The cases of murder of Eden Marcellana, Eddie Gumanoy, Benjaline Hernandez and Edilberto Choy Napoles Jr. have been filed in the local courts. Napoles, Bayan Muna member in Mindoro Oriental was killed by the Bonnet Gang on May 28, 2002. There are witnesses and enough evidence that point to the elements of the military as perpetrators but justice has not been served. Their cases have been elevated by Karapatan to the United Nations Human Rights Committee.

Many received death threats from the military before they got killed.

Bayan Muna member Ricardo Uy, was killed on Nov. 18, 2005 at about 11 a.m. inside his own rice mill in Barangay Basud, Sorsogon City. Two Saturdays before Dings death, a radio program run by the Philippine Army in dzMS Sorsogon City, Ugnayan sa Kapayapaan (linking for peace), maliciously tagged him as an emerging leader of the NPA.

Another victim, Marcelino Fabula of Anakpawis-Pagsanjan in Laguna, was interrogated by a certain Lt. Andy Veneracion of Camp Lusiana. On Dec. 4, 2005, Fabula was shot dead by Jacinto Losano, a CAFGU member closely linked with Veneracion.

Before his death, Marcelino Beltrans house was frequented by soldiers based in Tarlac. Ka Marcing, an eyewitness to the Hacienda Luisita Massacre, was killed on Dec. 8, 2004, days before he could have testified before the Senate.

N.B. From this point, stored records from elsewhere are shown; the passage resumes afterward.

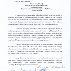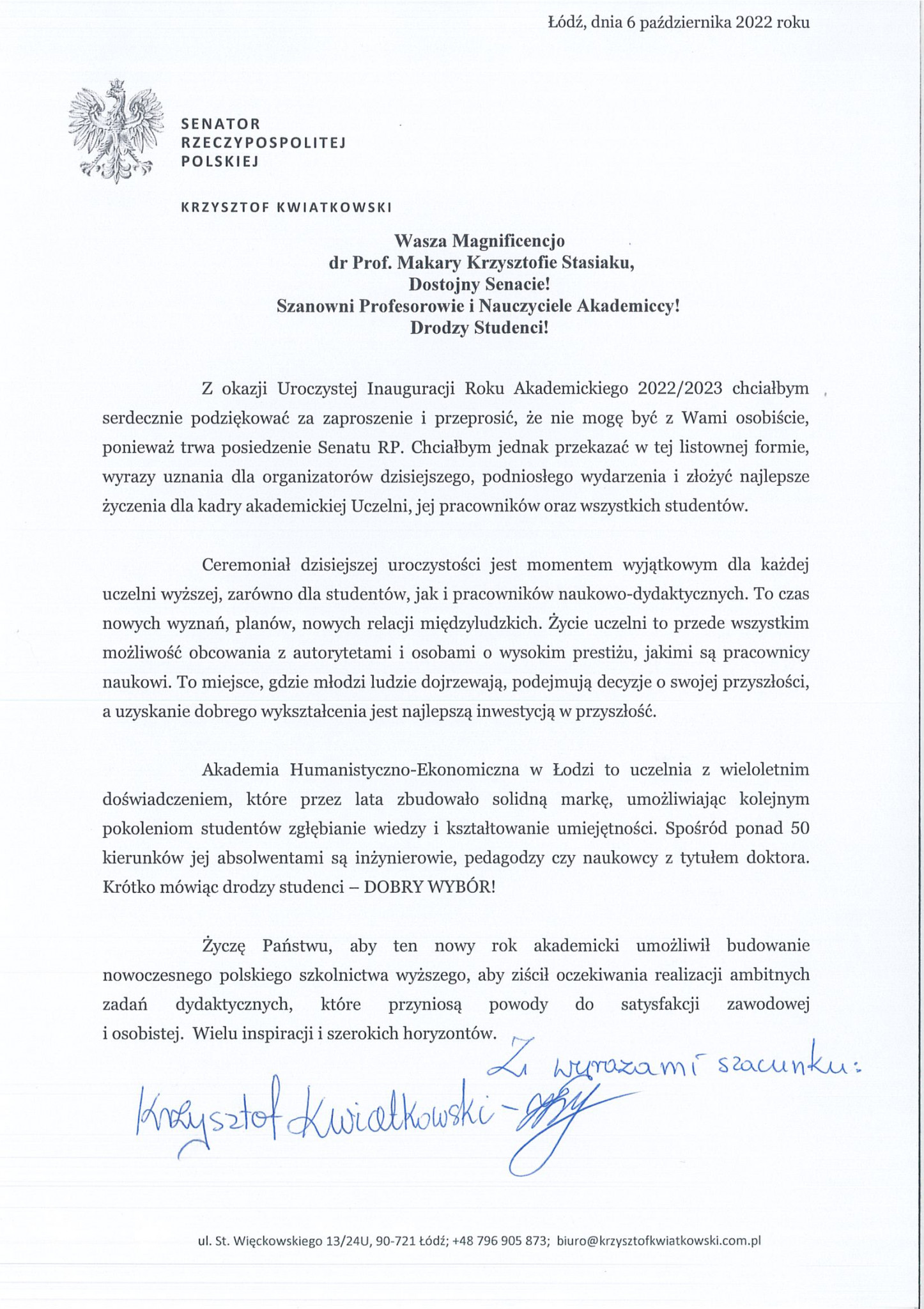 W przesłanym liście Krzysztof Kwiatkowski, senator RP napisał między innymi: Akademia Humanistyczno-Ekonomiczna w Łodzi to uczelnia z wieloletnim doświadczeniem, które przez lata zbudowała solidną markę, umożliwiając kolejnym pokoleniom studentów zgłębianie wiedzy i kształtowanie umiejętności. Jej absolwentami są inżynierowie, pedagodzy czy naukowcy z tytułem doktora. Krótko mówiąc drodzy studenci – dobry wybór. Życzę Państwu, by ten nowy rok akademicki umożliwił budowanie nowoczesnego polskiego szkolnictwa wyższego, aby ziścił oczekiwania realizacji ambitnych zadań dydaktycznych, które przyniosą powody do satysfakcji zawodowej i osobistej.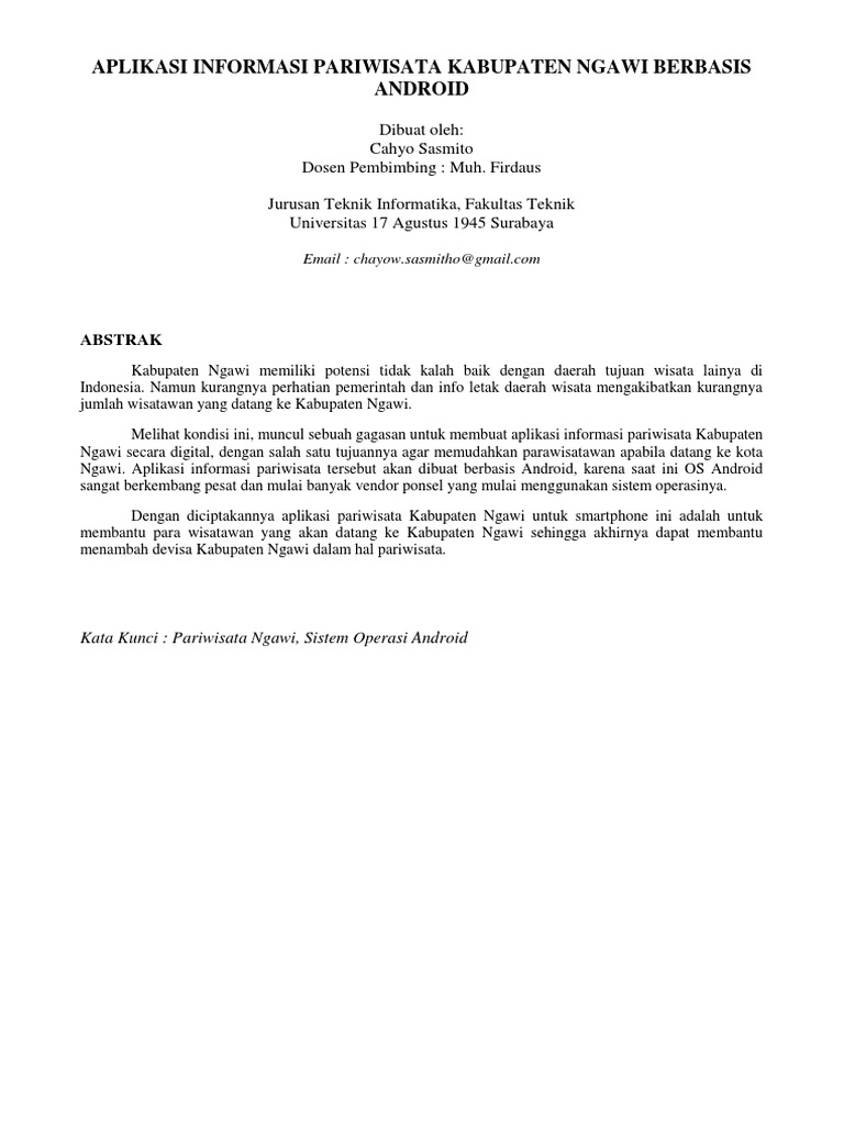 Aplikasi untuk mengakses data berbasis informasi akademik mahasiswa pada jurusan teknik elektro saat ini masih dilakukan secara manual. Aplikasi pembelajaran membaca al quran berbasis android 26. Contoh abstrak baik untuk skripsi tugas akhir proposal karya ilmiah tesis ataupun penelitian pada dasarnya memilki pengertian yang sama. Aplikasi untuk mengakses data berbasis informasi akademik mahasiswa pada jurusan teknik elektro saat ini masih dilakukan secara manual. Jenis penelitian yang digunakan adalah jenis penelitian kualitatif dengan metode design and creation. Dengan aplikasi android ini pengriman pesan teks menjadi lebih aman karena dilakukan enkripsi dan dekripsi dalam pengiriman pesan ini.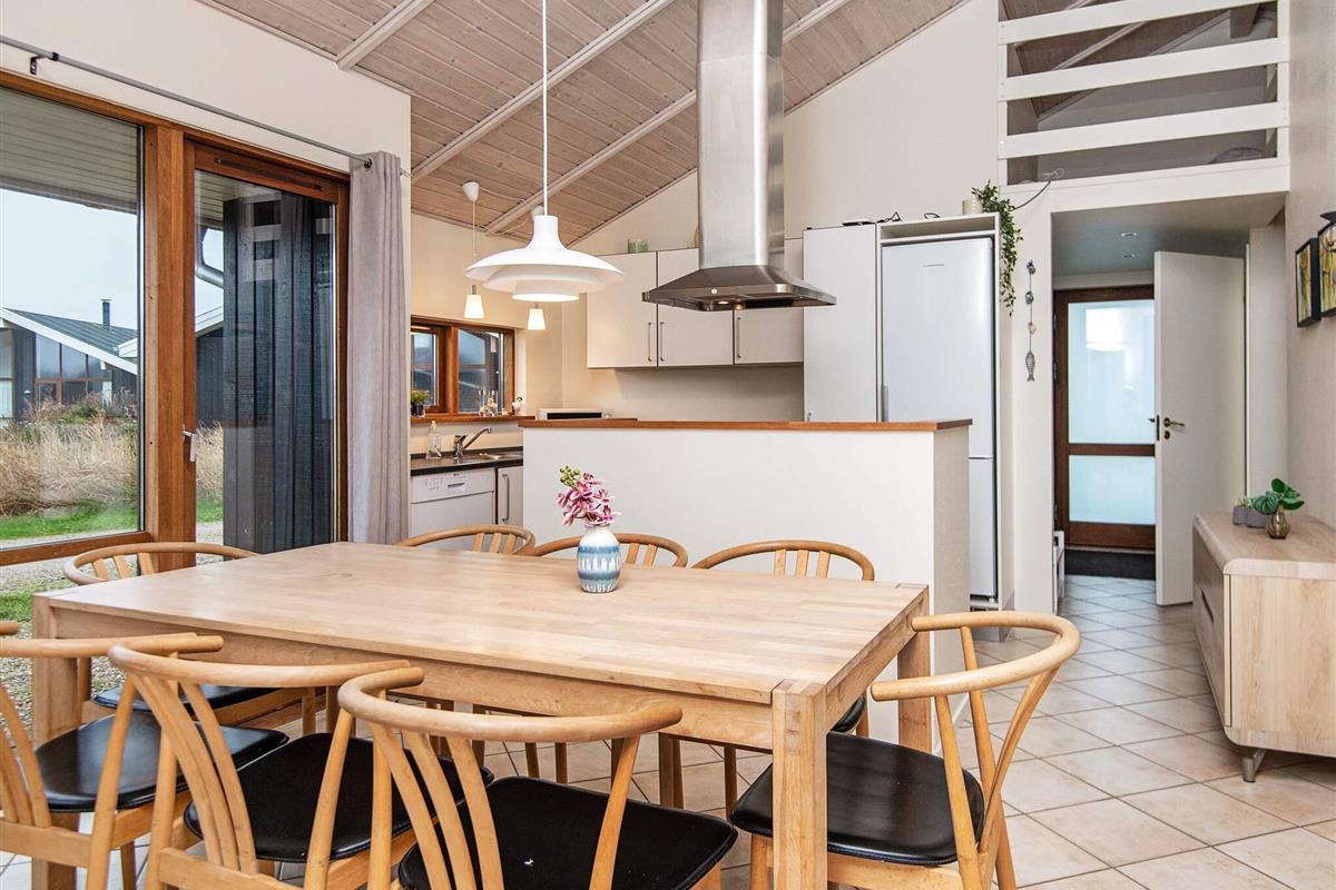 Erstklassig ausgestattetes Ferienhaus in einem landschaftlich reizvollen Gebiet, mit Panoramablick zum Nissum Fjord. Hell und ansprechend eingerichtet. Es stehen 3 SZ, Hems, Bad und Gäste-WC zur Verfügung. Das Haus bietet sich daher auch für einen Mehrfamilienurlaub an. Schöner Fjordblick von Wohnzimmer und Terrasse.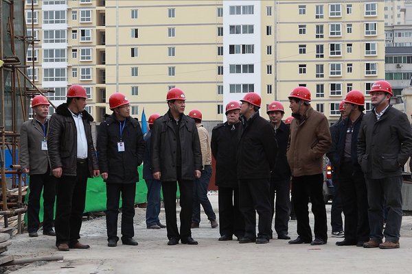3月6日上午,我集團董事長肖玉龍在集團副總經理惠宏軍及集團經營管理部等有關部門負責人的陪同下前往我集團建設七公司陽光北郡(北區)3#、4#安居工程建設項目檢查工作。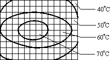 Vykonovy tranzistor produkujuci teplo je pripevneny k teplo-odvadzajucej dosticke, obklopenej vzduchom s teplotou 30oC. Na obrazku vidiet rozdelenie teploty na povrchu dosticky. Urcte tepelny vykon (teda teplo, ktore odovzda dosticka za jednotku casu okolitemu vzduchu).

Victor Ka Ben Concepcion, Anakpawis coordinator for Mexico, Pampanga and chair of provincial peasant organization, experienced the same. Before being killed on March 17, 2005 inside his home in Angeles City, Ka Ben noted increased military surveillance. He reported to his colleagues how suspected agents of the Northern Luzon Command (Nolcom) surrounded his home in Anao, Mexico.

Fact sheets, eyewitness accounts, direct and circumstantial evidence (as strong as the former) point to the elements of the AFP and their death squads as perpetrators.